### Exercise description:
Would you copy exactly the lines in the data below from the one that has "早晨9点左右,员工们分批进行" through the one that has "承受一荷重 P,今欲以一短樑 AC(長", dropping any pictures?

————

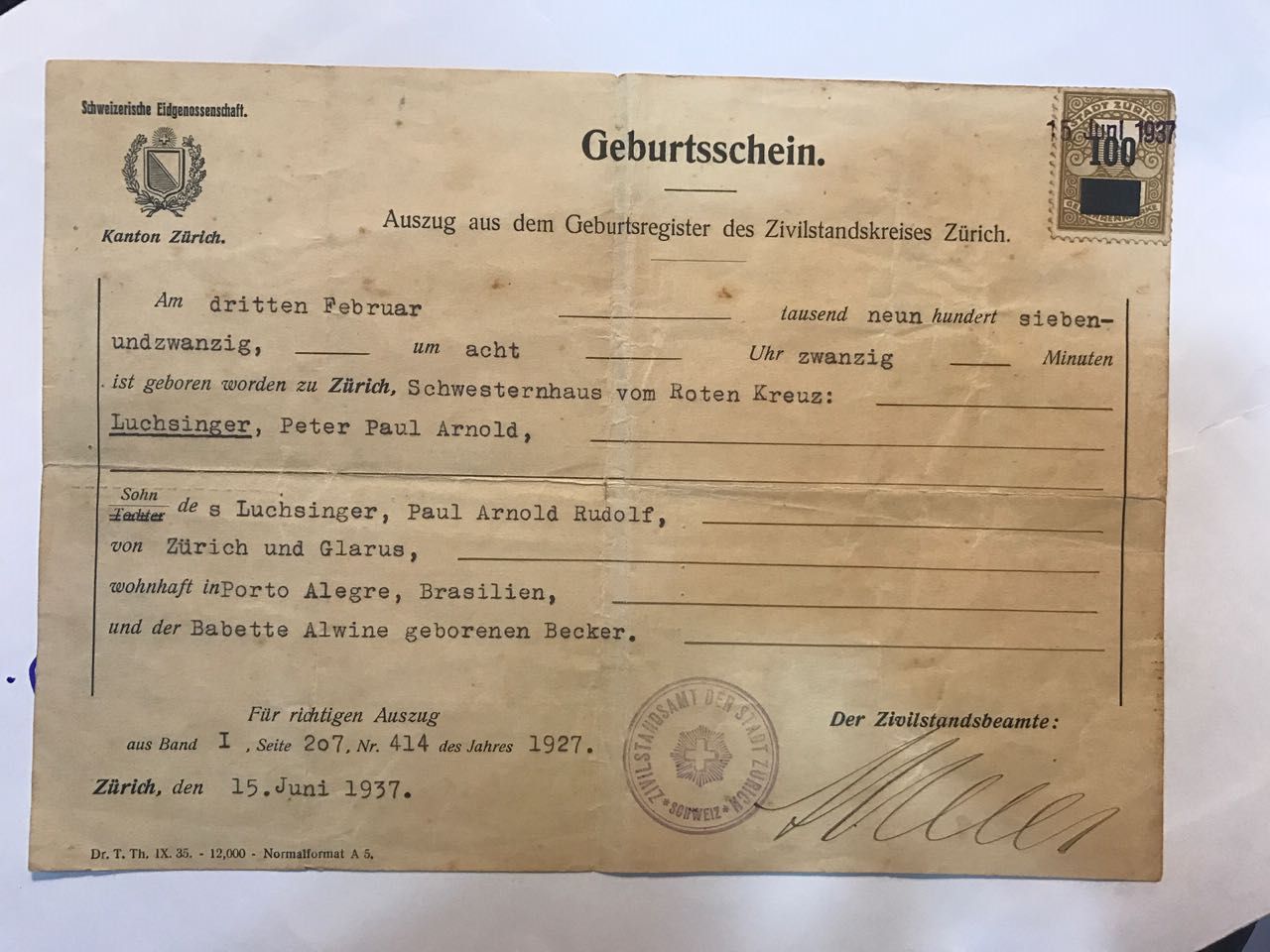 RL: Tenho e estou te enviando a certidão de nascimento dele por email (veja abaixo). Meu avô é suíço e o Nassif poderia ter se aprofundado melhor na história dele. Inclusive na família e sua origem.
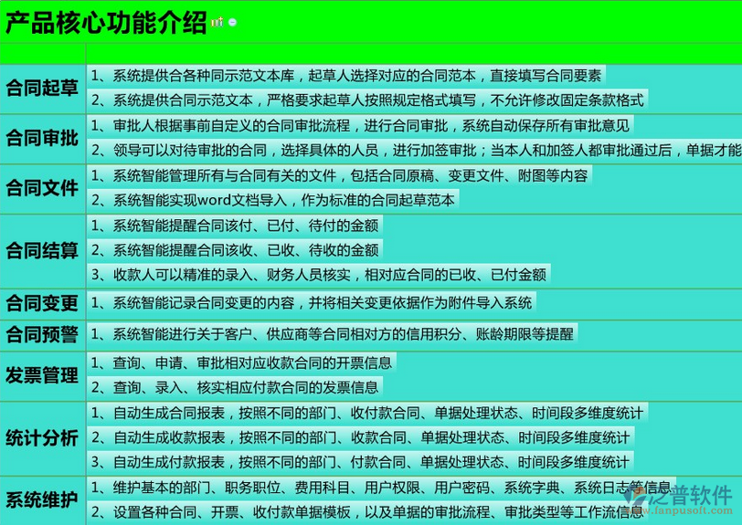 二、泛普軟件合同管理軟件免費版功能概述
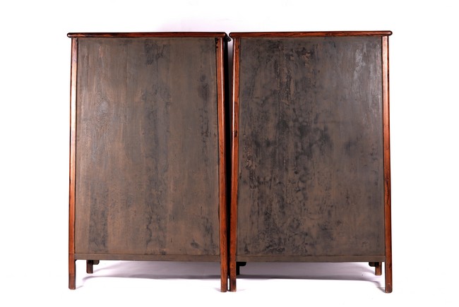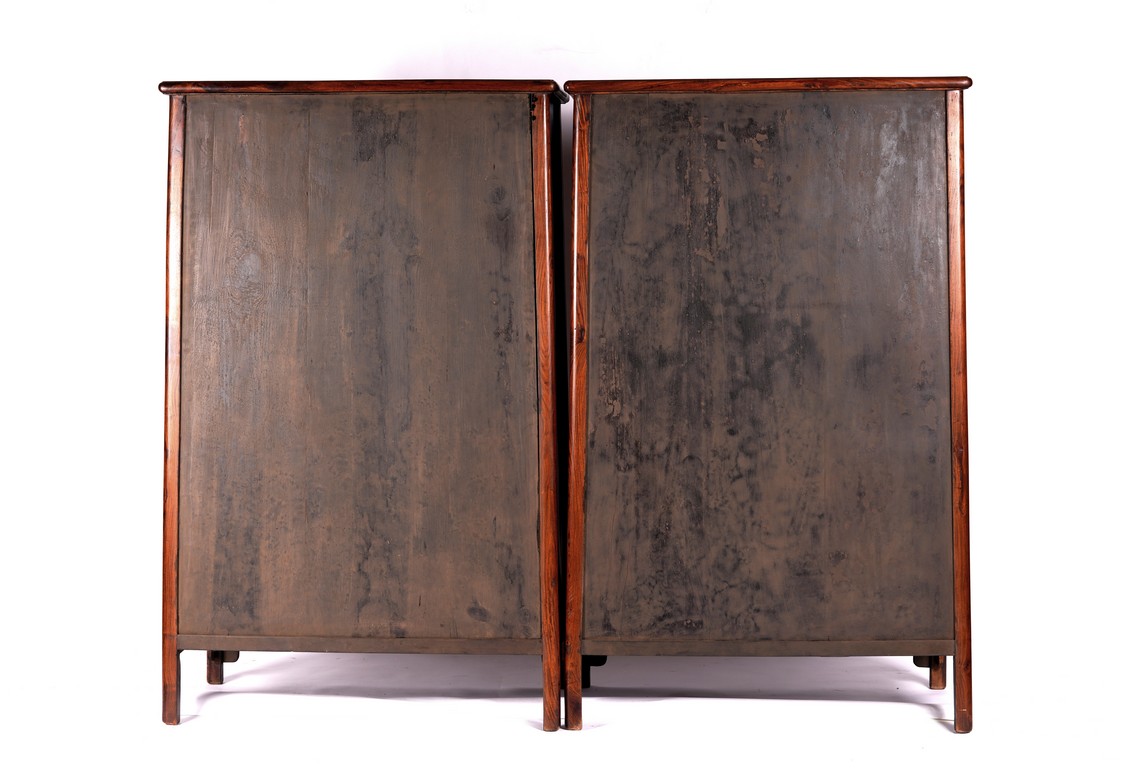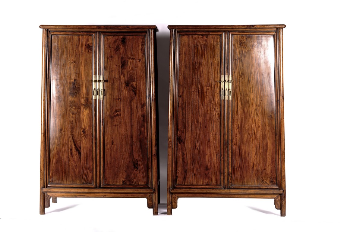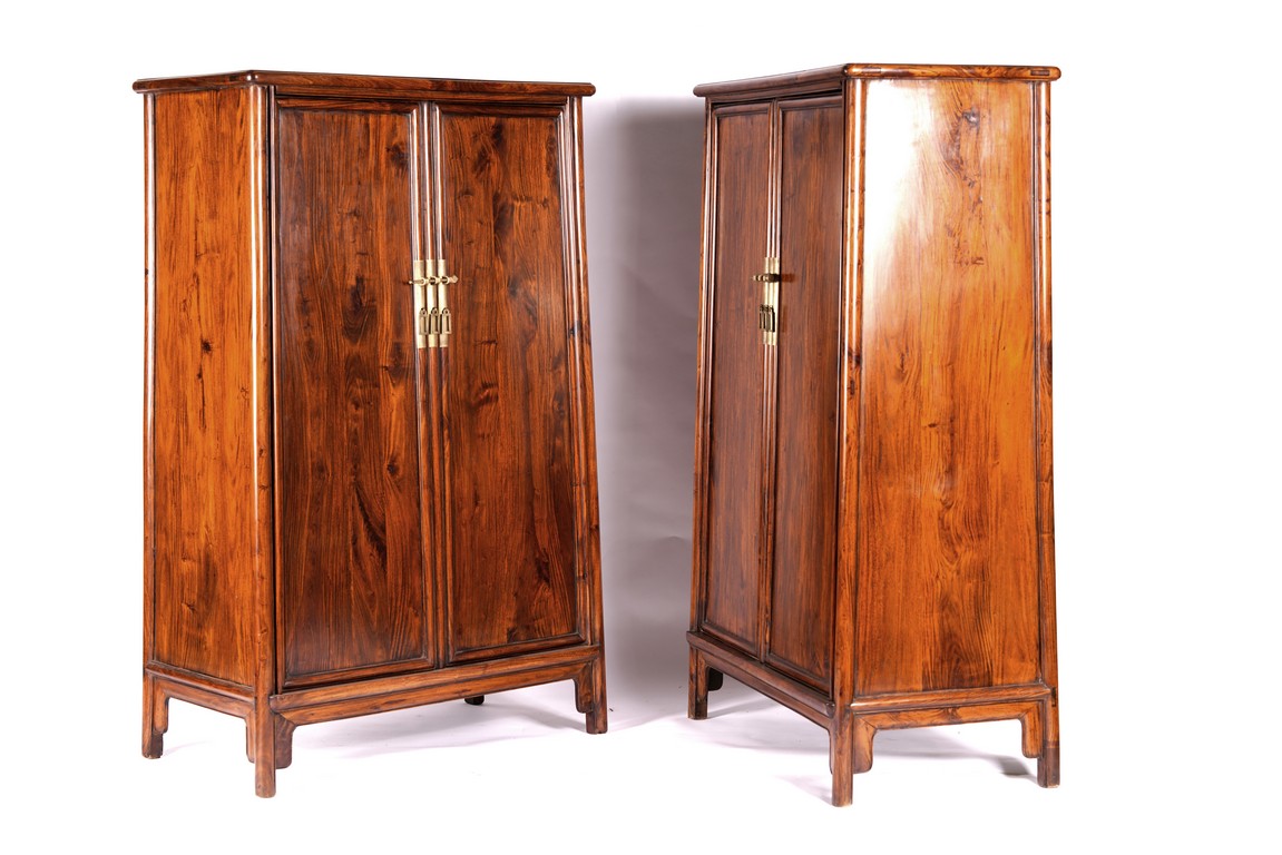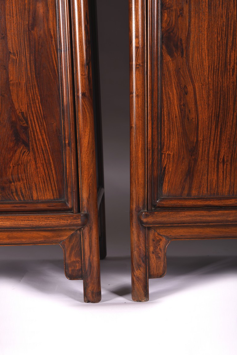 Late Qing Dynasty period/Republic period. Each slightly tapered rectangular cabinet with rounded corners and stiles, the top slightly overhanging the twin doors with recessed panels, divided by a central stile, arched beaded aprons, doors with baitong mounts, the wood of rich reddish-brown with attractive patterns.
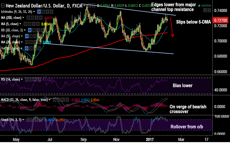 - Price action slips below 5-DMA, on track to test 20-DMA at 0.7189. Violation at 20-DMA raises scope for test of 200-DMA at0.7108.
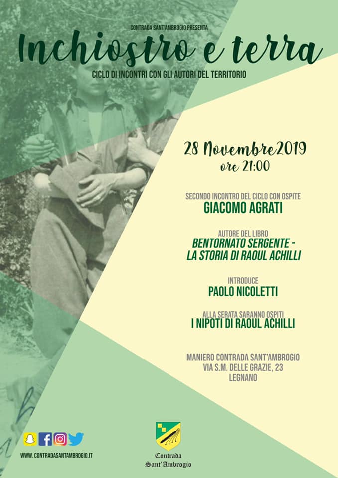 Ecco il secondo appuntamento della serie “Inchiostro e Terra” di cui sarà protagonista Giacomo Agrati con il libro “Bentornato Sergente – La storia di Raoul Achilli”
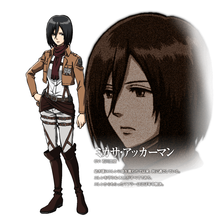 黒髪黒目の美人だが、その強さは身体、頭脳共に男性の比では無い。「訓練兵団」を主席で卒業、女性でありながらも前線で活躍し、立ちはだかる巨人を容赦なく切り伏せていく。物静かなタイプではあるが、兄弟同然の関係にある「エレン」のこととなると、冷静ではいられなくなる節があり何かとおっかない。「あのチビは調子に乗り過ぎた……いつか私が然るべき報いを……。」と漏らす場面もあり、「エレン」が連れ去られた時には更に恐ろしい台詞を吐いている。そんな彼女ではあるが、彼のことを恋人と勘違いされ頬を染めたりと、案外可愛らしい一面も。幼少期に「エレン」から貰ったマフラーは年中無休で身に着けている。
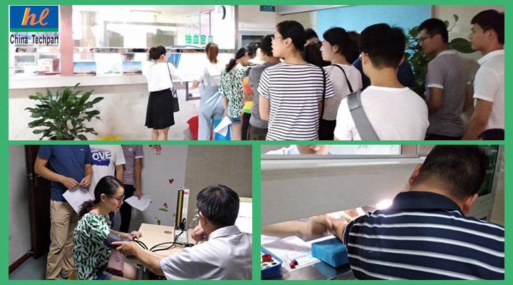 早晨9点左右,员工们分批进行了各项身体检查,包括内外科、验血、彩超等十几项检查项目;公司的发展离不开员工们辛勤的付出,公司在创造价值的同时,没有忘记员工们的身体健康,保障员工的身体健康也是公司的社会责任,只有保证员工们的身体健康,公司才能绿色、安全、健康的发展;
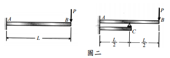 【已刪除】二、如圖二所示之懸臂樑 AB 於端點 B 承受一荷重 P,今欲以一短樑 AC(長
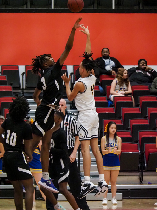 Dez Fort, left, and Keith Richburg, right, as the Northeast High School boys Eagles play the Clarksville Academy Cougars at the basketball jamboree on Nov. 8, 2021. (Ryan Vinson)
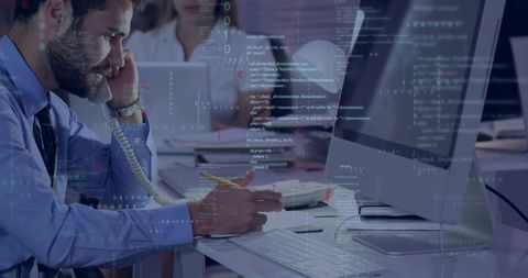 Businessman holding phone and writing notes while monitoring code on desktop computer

————

### Task output:
 早晨9点左右,员工们分批进行了各项身体检查,包括内外科、验血、彩超等十几项检查项目;公司的发展离不开员工们辛勤的付出,公司在创造价值的同时,没有忘记员工们的身体健康,保障员工的身体健康也是公司的社会责任,只有保证员工们的身体健康,公司才能绿色、安全、健康的发展;
 【已刪除】二、如圖二所示之懸臂樑 AB 於端點 B 承受一荷重 P,今欲以一短樑 AC(長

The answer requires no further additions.